## Records:
————————
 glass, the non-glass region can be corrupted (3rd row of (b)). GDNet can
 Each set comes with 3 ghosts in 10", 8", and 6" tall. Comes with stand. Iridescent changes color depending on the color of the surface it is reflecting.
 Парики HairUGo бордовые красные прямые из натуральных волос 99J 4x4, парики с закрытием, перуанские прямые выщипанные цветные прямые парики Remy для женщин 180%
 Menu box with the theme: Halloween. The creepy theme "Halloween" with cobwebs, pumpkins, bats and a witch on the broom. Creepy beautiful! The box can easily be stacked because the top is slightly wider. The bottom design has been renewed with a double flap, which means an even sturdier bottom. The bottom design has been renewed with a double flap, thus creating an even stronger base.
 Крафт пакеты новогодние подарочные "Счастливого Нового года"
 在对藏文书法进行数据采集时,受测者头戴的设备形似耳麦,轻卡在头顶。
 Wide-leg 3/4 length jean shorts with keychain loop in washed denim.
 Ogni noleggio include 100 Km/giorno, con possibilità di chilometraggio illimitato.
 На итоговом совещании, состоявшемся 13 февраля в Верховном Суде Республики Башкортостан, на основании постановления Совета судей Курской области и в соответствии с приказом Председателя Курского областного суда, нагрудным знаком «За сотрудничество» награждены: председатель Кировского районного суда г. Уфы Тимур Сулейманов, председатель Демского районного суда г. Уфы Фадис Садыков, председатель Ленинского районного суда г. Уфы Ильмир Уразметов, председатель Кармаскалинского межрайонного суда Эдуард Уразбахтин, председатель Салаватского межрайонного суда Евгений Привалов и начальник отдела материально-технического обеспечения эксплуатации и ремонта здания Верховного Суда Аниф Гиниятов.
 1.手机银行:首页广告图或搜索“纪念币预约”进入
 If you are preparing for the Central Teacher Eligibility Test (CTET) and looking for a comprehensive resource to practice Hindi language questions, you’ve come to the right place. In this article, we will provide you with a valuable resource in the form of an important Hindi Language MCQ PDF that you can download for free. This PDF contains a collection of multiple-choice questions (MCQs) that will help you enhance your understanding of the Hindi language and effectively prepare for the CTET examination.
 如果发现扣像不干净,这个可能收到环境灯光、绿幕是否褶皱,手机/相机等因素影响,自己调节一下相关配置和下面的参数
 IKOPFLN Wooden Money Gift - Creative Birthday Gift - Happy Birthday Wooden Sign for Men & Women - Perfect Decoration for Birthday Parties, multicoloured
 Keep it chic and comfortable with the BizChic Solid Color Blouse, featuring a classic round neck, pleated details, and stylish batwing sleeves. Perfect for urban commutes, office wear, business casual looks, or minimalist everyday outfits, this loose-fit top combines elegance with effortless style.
————————
## What needs to be done:
Print the first line of the records above and each line after it, exactly, through the line with "Wide-leg 3/4 length".

## Answer space:
 glass, the non-glass region can be corrupted (3rd row of (b)). GDNet can
 Each set comes with 3 ghosts in 10", 8", and 6" tall. Comes with stand. Iridescent changes color depending on the color of the surface it is reflecting.
 Парики HairUGo бордовые красные прямые из натуральных волос 99J 4x4, парики с закрытием, перуанские прямые выщипанные цветные прямые парики Remy для женщин 180%
 Menu box with the theme: Halloween. The creepy theme "Halloween" with cobwebs, pumpkins, bats and a witch on the broom. Creepy beautiful! The box can easily be stacked because the top is slightly wider. The bottom design has been renewed with a double flap, which means an even sturdier bottom. The bottom design has been renewed with a double flap, thus creating an even stronger base.
 Крафт пакеты новогодние подарочные "Счастливого Нового года"
 在对藏文书法进行数据采集时,受测者头戴的设备形似耳麦,轻卡在头顶。
 Wide-leg 3/4 length jean shorts with keychain loop in washed denim.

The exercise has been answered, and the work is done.